## Task prompt
Only the lines below from the one that holds "تم اختيار الخط" through the one that holds "검정색) D자형 포드 로고" should appear in the answer, copied exactly, end lines included and pictures omitted.

Data entries:
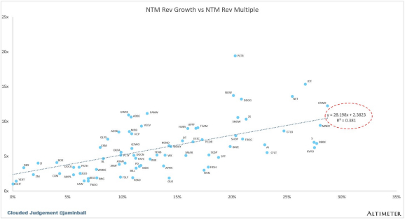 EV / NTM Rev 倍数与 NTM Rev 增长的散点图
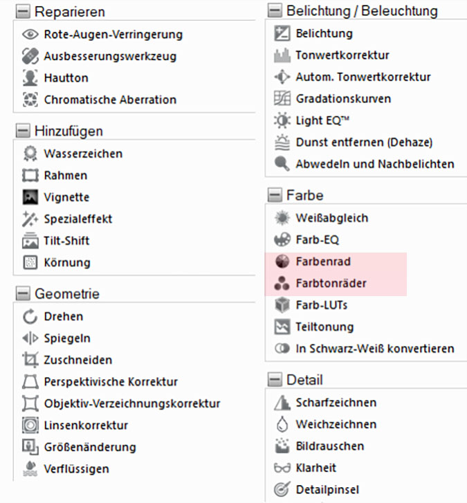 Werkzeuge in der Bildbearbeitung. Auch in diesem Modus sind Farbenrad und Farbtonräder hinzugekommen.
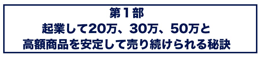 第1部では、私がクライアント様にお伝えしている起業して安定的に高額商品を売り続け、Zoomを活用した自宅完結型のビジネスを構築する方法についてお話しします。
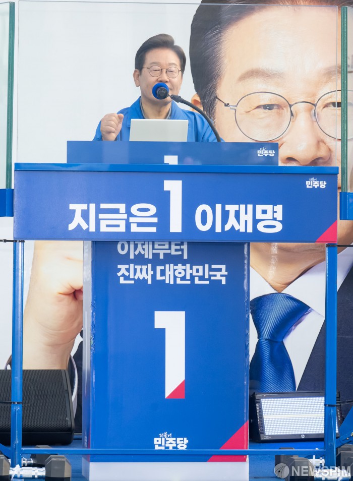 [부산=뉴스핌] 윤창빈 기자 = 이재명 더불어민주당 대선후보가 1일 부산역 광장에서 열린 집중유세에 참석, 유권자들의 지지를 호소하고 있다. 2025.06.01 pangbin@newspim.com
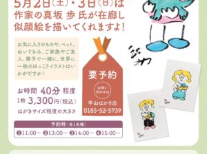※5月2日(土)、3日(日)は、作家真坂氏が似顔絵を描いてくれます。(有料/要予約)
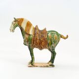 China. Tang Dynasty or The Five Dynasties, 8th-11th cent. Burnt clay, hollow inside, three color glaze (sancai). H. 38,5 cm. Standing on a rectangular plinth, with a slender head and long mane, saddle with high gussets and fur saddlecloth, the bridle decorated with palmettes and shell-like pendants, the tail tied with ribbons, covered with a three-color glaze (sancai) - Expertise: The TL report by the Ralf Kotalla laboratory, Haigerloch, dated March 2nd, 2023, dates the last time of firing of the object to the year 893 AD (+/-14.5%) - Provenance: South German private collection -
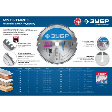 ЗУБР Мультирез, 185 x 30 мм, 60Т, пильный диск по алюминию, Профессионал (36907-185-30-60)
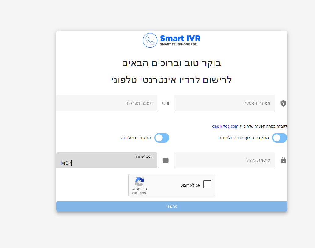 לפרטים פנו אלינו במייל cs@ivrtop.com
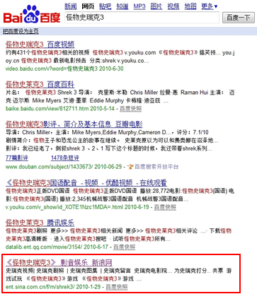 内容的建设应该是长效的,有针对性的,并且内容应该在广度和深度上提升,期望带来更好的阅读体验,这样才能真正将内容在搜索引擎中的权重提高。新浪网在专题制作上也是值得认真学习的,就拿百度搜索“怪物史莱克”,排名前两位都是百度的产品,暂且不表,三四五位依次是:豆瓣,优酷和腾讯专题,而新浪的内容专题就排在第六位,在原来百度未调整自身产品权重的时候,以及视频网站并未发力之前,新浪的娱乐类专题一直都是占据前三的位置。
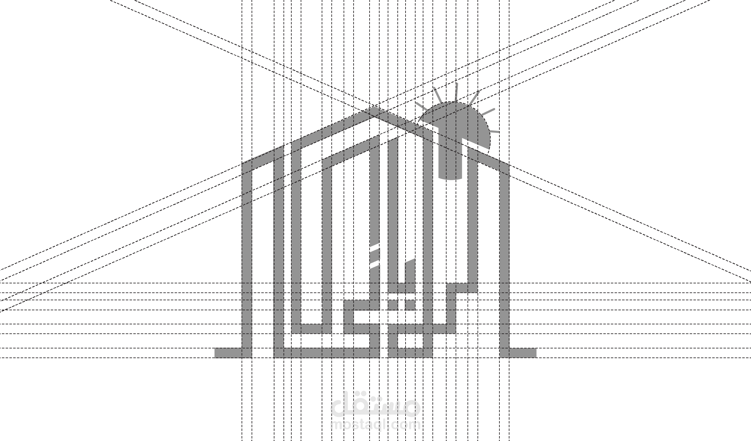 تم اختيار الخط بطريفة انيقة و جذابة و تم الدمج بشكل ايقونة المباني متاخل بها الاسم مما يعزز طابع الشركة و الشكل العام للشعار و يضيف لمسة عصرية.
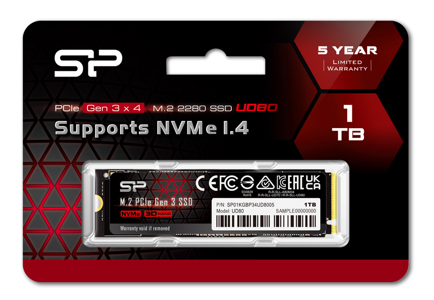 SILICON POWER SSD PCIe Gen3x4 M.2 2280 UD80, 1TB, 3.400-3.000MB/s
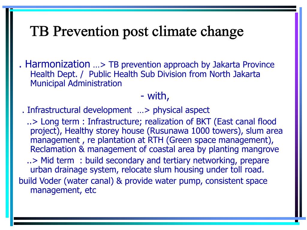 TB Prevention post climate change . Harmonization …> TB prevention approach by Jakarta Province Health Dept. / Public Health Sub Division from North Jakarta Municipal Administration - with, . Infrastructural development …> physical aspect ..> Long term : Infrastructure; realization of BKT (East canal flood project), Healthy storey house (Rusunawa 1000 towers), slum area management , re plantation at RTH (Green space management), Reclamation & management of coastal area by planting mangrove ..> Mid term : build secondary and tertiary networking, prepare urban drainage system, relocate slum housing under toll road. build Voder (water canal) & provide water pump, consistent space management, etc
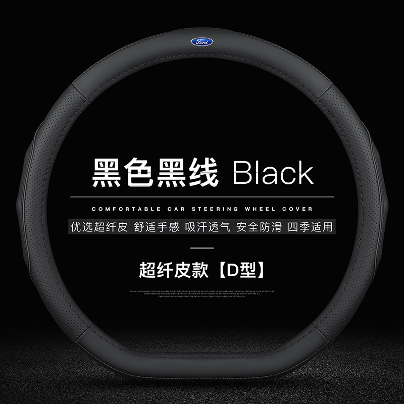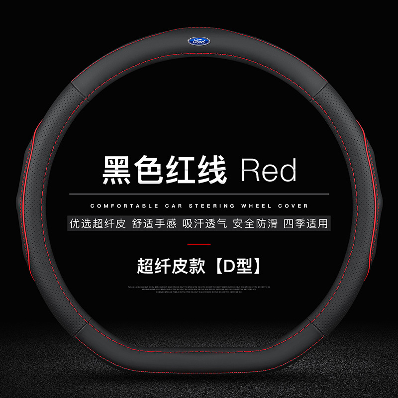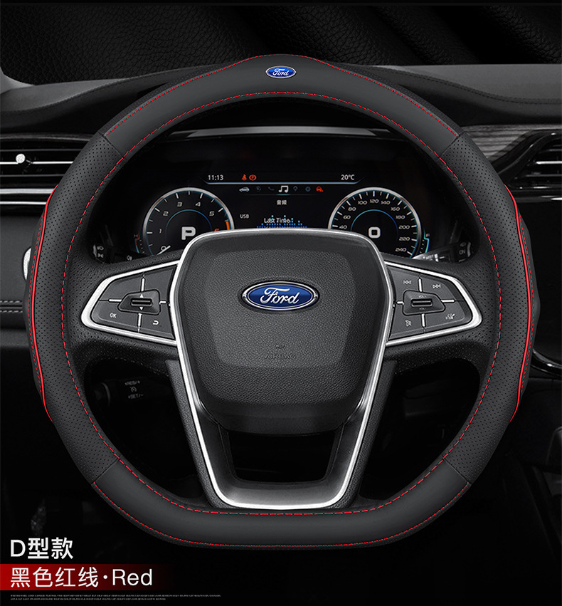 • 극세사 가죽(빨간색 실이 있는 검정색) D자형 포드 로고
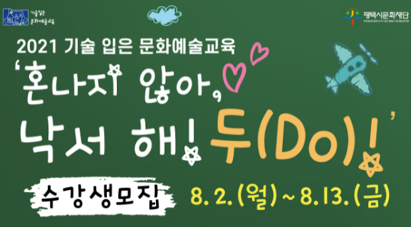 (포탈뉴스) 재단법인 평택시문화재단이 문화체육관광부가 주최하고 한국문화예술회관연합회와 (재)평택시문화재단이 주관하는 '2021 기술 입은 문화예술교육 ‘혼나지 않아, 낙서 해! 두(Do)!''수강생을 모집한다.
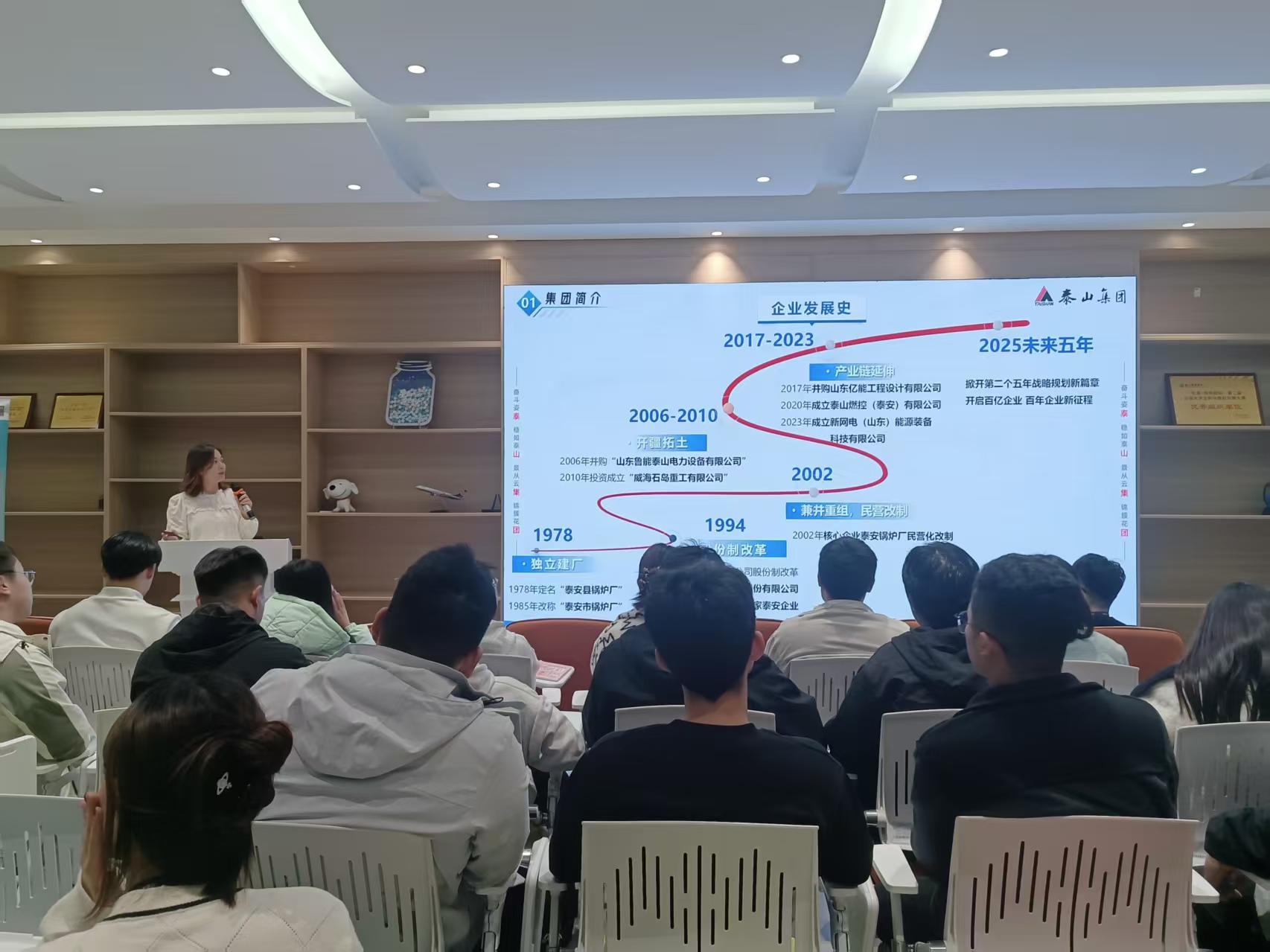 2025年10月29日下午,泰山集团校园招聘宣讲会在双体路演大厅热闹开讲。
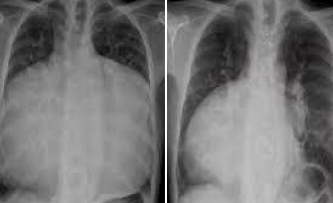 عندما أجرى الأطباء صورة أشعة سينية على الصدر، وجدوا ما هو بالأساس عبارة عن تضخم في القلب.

## Expected answer
 تم اختيار الخط بطريفة انيقة و جذابة و تم الدمج بشكل ايقونة المباني متاخل بها الاسم مما يعزز طابع الشركة و الشكل العام للشعار و يضيف لمسة عصرية.
 SILICON POWER SSD PCIe Gen3x4 M.2 2280 UD80, 1TB, 3.400-3.000MB/s
 TB Prevention post climate change . Harmonization …> TB prevention approach by Jakarta Province Health Dept. / Public Health Sub Division from North Jakarta Municipal Administration - with, . Infrastructural development …> physical aspect ..> Long term : Infrastructure; realization of BKT (East canal flood project), Healthy storey house (Rusunawa 1000 towers), slum area management , re plantation at RTH (Green space management), Reclamation & management of coastal area by planting mangrove ..> Mid term : build secondary and tertiary networking, prepare urban drainage system, relocate slum housing under toll road. build Voder (water canal) & provide water pump, consistent space management, etc
 • 극세사 가죽(빨간색 실이 있는 검정색) D자형 포드 로고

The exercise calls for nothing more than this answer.